Efficient remote preparation of arbitrary two-and three-qubit states via the χ state

doi:10.1088/1674-1056/23/9/090308

Abstract The application of χ state are investigated in remote state preparation (RSP). By constructing useful measurement bases with the aid of Hurwitz matrix equation, we propose several RSP schemes of arbitrary two-and three-qubit states via the χ state as the entangled resource. It is shown that the original state can be successfully prepared with the probability 100% and 50% for real coefficients and complex coefficients, respectively. For the latter case, the special ensembles with unit success probability are discussed by the permutation group. It is worth mentioning that the novel measurement bases have no restrictions on the coefficients of the prepared state, which means that the proposed schemes are more applicable.

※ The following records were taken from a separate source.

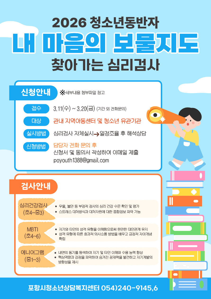 포항시 청소년상담복지센터에서 청소년들이 심리적 어려움을 해소하고 자기 성장 계기를 마련 할 수 있도록 찾아가는 심리검사를 아래와 같이 실시하오니 관심 있는 기관의 많은 신청 바랍니다.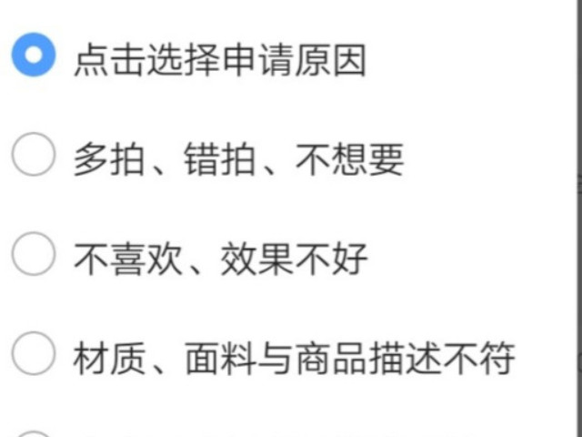 6. 选择退货原因点击后,在弹出的原因内选择需要退货的原因。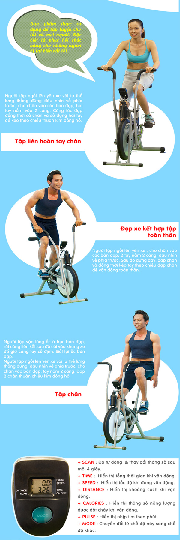 2. Một số bài tập với xe đạp tập MO 2060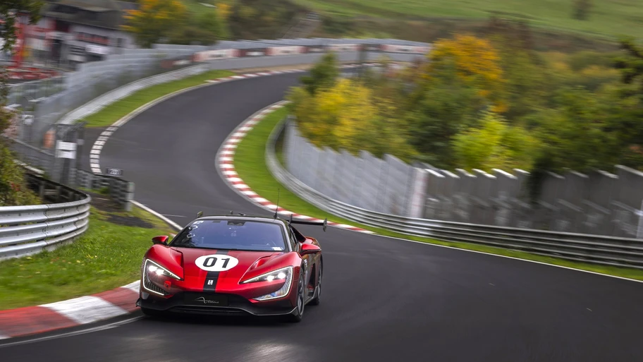 Hace unos días este coupé, de cuatro motores y más de 3,000 hp, completó los 20.832 kilómetros del Nördschleife en 6:59.157 minutos, siendo así el primer vehículo 100% eléctrico de producción que baja los 7:00 minutos y rompiendo la anterior marca por más de 5.0 segundos.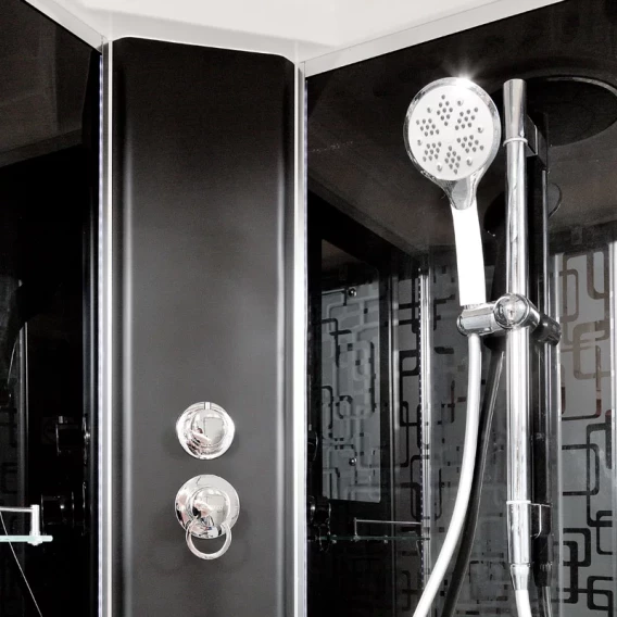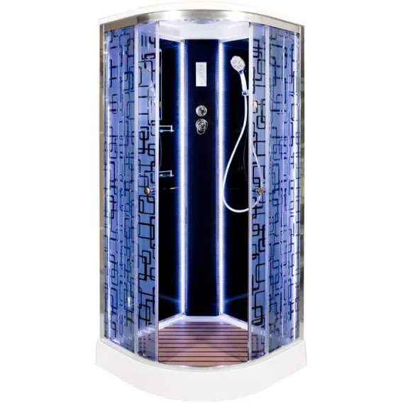 Душевой шланг, Душевая лейка, Держатель для душевой лейки, Полочка, Ручки, LED подсветка, Верхний душ, Динамик, Металлический каркас, Поддон, Радио, Смеситель, Сифон, Штанга душевая, Ножки, Зеркало, Настил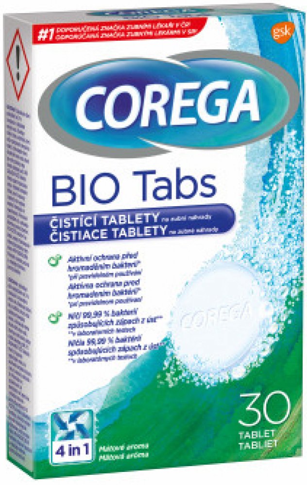 Čisticí tablety Corega jsou vhodné pro každodenní hygienu zubní náhrady. Corega Bio antibakteriální tablety ničí 99,9 % bakterií způsobujících nepříjemný zápach z úst. Důkladně vyčistí zubní náhradu během 3-5 minut. Síla tablet pronikne i na místa, která jsou kartáčkem špatně dostupná. Pomáhají odstranit zubní plak a skvrny od čaje nebo kávy. Neabrazivní složení je šetrné k zubní náhradě.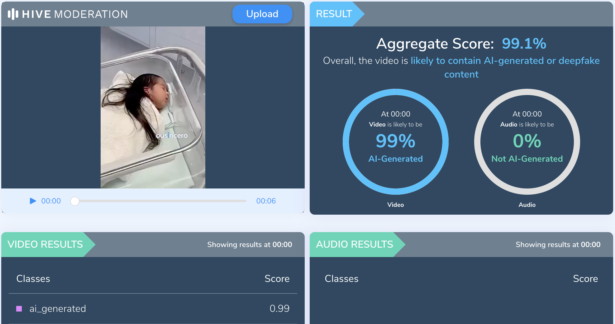 Tərəfimizdən "thehive.ai", "AI or not", "sight engine" Süni İntellekt müəyyənləşdirmə alətləri ilə aparılan analizdə braziliyalı və qazax faktyoxlayıcıların haqlı olduğu təsdiqləndi: video Süni İntellektlə hazırlanıb. Belə ki, "The Hive AI" bu videonun 99%, "Sight engine" saytı 84% süni intellektlə hazırlandığını doğrulayıb.

Keywords: χ state remote state preparation Hurwitz matrix equation measurement basis permutation group

Received: 26 January 2014
Revised: 05 March 2014
Accepted manuscript online:

PACS:	03.67.Hk	(Quantum communication)
	03.67.-a	(Quantum information)
	03.65.-w	(Quantum mechanics)

Fund: Project supported by the National Natural Science Foundation of China (Grant Nos. 61201253 and 61303039) and the Fundamental Research Funds for the Central Universities of China (Grant No. 2682014CX095).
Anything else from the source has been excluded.